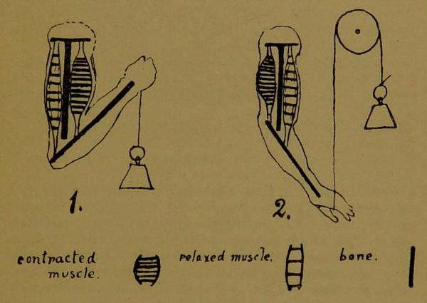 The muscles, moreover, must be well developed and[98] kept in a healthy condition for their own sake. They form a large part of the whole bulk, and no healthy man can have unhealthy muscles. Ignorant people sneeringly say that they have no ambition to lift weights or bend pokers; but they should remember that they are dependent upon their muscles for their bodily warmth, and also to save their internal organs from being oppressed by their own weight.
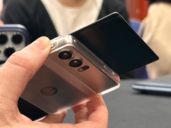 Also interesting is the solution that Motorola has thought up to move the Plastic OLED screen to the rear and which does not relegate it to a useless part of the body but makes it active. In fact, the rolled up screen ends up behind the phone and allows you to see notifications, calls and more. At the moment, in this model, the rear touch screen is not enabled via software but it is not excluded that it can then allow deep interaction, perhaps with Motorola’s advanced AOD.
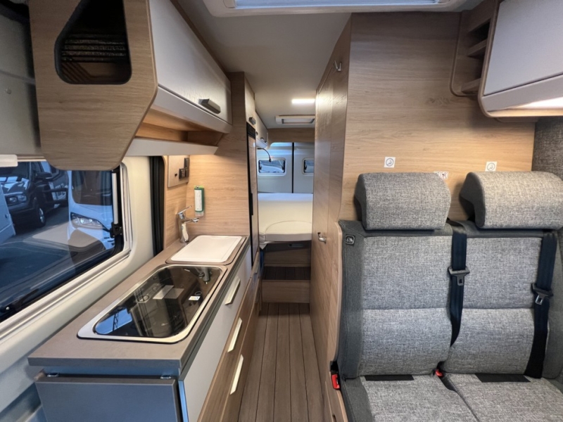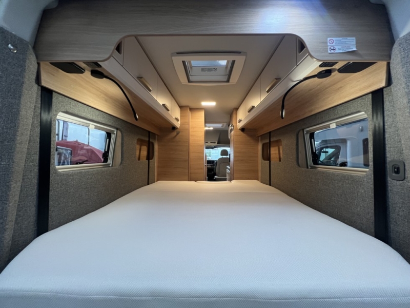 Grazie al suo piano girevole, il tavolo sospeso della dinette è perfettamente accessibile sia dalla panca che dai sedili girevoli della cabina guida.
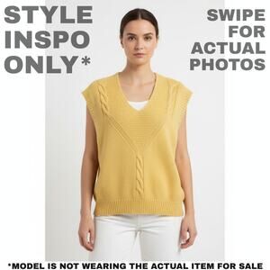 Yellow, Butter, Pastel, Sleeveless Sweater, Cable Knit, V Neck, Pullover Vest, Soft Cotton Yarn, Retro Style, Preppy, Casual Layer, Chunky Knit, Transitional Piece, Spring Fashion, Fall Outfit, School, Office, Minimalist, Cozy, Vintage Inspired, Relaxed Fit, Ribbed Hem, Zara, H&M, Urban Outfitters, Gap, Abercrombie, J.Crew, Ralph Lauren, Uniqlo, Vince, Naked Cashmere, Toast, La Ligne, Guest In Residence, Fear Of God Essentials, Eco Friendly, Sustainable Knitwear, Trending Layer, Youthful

EXERCISE ▸ Only the pictures are dropped. Otherwise, write out the listing exactly.

SOLVED EXERCISE ▸
 The muscles, moreover, must be well developed and[98] kept in a healthy condition for their own sake. They form a large part of the whole bulk, and no healthy man can have unhealthy muscles. Ignorant people sneeringly say that they have no ambition to lift weights or bend pokers; but they should remember that they are dependent upon their muscles for their bodily warmth, and also to save their internal organs from being oppressed by their own weight.
 Also interesting is the solution that Motorola has thought up to move the Plastic OLED screen to the rear and which does not relegate it to a useless part of the body but makes it active. In fact, the rolled up screen ends up behind the phone and allows you to see notifications, calls and more. At the moment, in this model, the rear touch screen is not enabled via software but it is not excluded that it can then allow deep interaction, perhaps with Motorola’s advanced AOD.
 Grazie al suo piano girevole, il tavolo sospeso della dinette è perfettamente accessibile sia dalla panca che dai sedili girevoli della cabina guida.
 Yellow, Butter, Pastel, Sleeveless Sweater, Cable Knit, V Neck, Pullover Vest, Soft Cotton Yarn, Retro Style, Preppy, Casual Layer, Chunky Knit, Transitional Piece, Spring Fashion, Fall Outfit, School, Office, Minimalist, Cozy, Vintage Inspired, Relaxed Fit, Ribbed Hem, Zara, H&M, Urban Outfitters, Gap, Abercrombie, J.Crew, Ralph Lauren, Uniqlo, Vince, Naked Cashmere, Toast, La Ligne, Guest In Residence, Fear Of God Essentials, Eco Friendly, Sustainable Knitwear, Trending Layer, Youthful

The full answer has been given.